Antes de iniciarmos qualquer discussão sobre o tema do título desse artigo devemos ter em mente dois aspectos importantes: 1) Legalização, regulamentação etc, são conceitos abstratos se não forem obrigatoriamente discutido em relação a alguma experiência concreta sobre o tema. Ou seja, existem inúmeras possibilidades de atuação legal, política etc dentro desses conceitos; 2) Mesmo que o Brasil adote políticas e leis legalizando a maconha idênticas às de outros países os resultados podem ser completamente diferentes pois cada país possui uma realidade singular em diferentes aspectos, seja social, econômica, cultural, político etc. O que quero deixar claro é que qualquer consideração feita na análise apresentada neste artigo é baseada em especulação teórica. Isso não significa dizer que não tenham validade, ou que não devamos mudar os rumos que estamos dando às leis e políticas sobre a maconha no Brasil. Significa que elas têm uma limitação baseada no fato de que somente a realidade concreta, ou seja, quando efetivamente implantarmos algum modelo de legalização e regulamentação no país, saberemos quais serão os reais impactos. Concordo plenamente que qualquer caminho que venhamos a tomar é desconhecido e bastante imprevisível, porém se por um lado desconhecemos o que de bom o imprevisível pode trazer, conhecemos muito bem o que de ruim temos no local onde nos encontramos atualmente e acredito que ninguém quer continuar da maneira como estamos.

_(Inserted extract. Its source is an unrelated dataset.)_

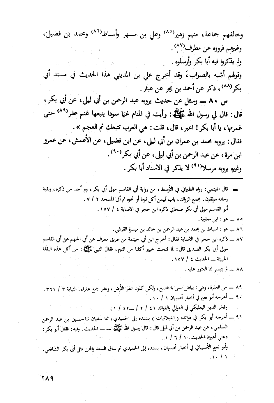 80- وَسُئِلَ عَنْ حَدِيثٍ يَرْوِيهِ عَبْدُ الرَّحْمَنِ بْنُ أَبِي لَيْلَى، عَنْ أَبِي بَكْرٍ، قَالَ: قَالَ لِي رَسُولُ اللَّهِ صَلَّى اللَّهُ عَلَيْهِ وسلم: رَأَيْتُ فِي الْمَنَامِ غَنَمًا سُودًا يَتْبَعُهَا غَنَمٌ عُفْرٌ حَتَّى غَمَرَتْهَا، يَا أَبَا بَكْرٍ اعْبُرْ قَالَ: قُلْتُ: هِيَ الْعَرَبُ تَتْبَعُكَ ثُمَّ الْعَجَمُ.
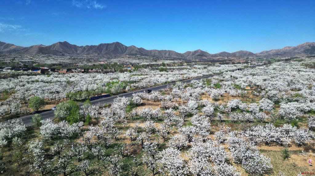 芳菲四月,在原平同川地區(qū)的黃色梯田上,晴雪綻放,香風(fēng)不斷,整個原野一片香雪海。清代詩人王佩鈺曾留下“十里香風(fēng)吹不斷,萬株晴雪綻梨花”的佳句,詩和遠(yuǎn)方在梨花中完美交融。

Violência Urbana e Criminalidade

Da forma como a lei sobre a maconha está na atualidade, penaliza com 5 a 20 anos de reclusão as pessoas que cultivarem ou distribuírem maconha com intenção de lucro, prática chamada popularmente de “tráfico”. A lei atual, portanto, dá aos criminosos o monopólio do comércio de uma planta que foi e é tradicionalmente consumida por milhões de brasileiros em todo país e utilizada por diversas civilizações humanas há milênios. Atualmente o Brasil cultiva ilegalmente inúmeras toneladas de maconha em diferentes regiões do país, especialmente no Norte e Nordeste e importa do Paraguai mais de 80% do que é colhido por lá. Inúmeros grupos criminosos estão envolvidos em variados empreendimentos, uns mais organizados, outros menos, todos com objetivo de cultivar, preparar, transportar, armazenar ou distribuir a droga nas diferentes cidades brasileiras. É impossível calcular o volume de maconha e de dinheiro que circulam nesses circuitos. Mais difícil ainda é saber quem são os beneficiários, as pessoas que lucram com esse mercado clandestino que apenas se fortalece com a proibição, ao mesmo tempo que fortalece criminosos e promove corrupção em diferentes níveis. Em todos os países onde houve mudanças nas leis houve também um enfraquecimento do poder econômico dos criminosos devido à quebra do monopólio do mercado da maconha. Nos EUA, por exemplo, em pouco mais de 1 ano de regulamentação dos usos recreativos em alguns estados se notou uma queda de mais de 25% da importação de maconha ilegal do México.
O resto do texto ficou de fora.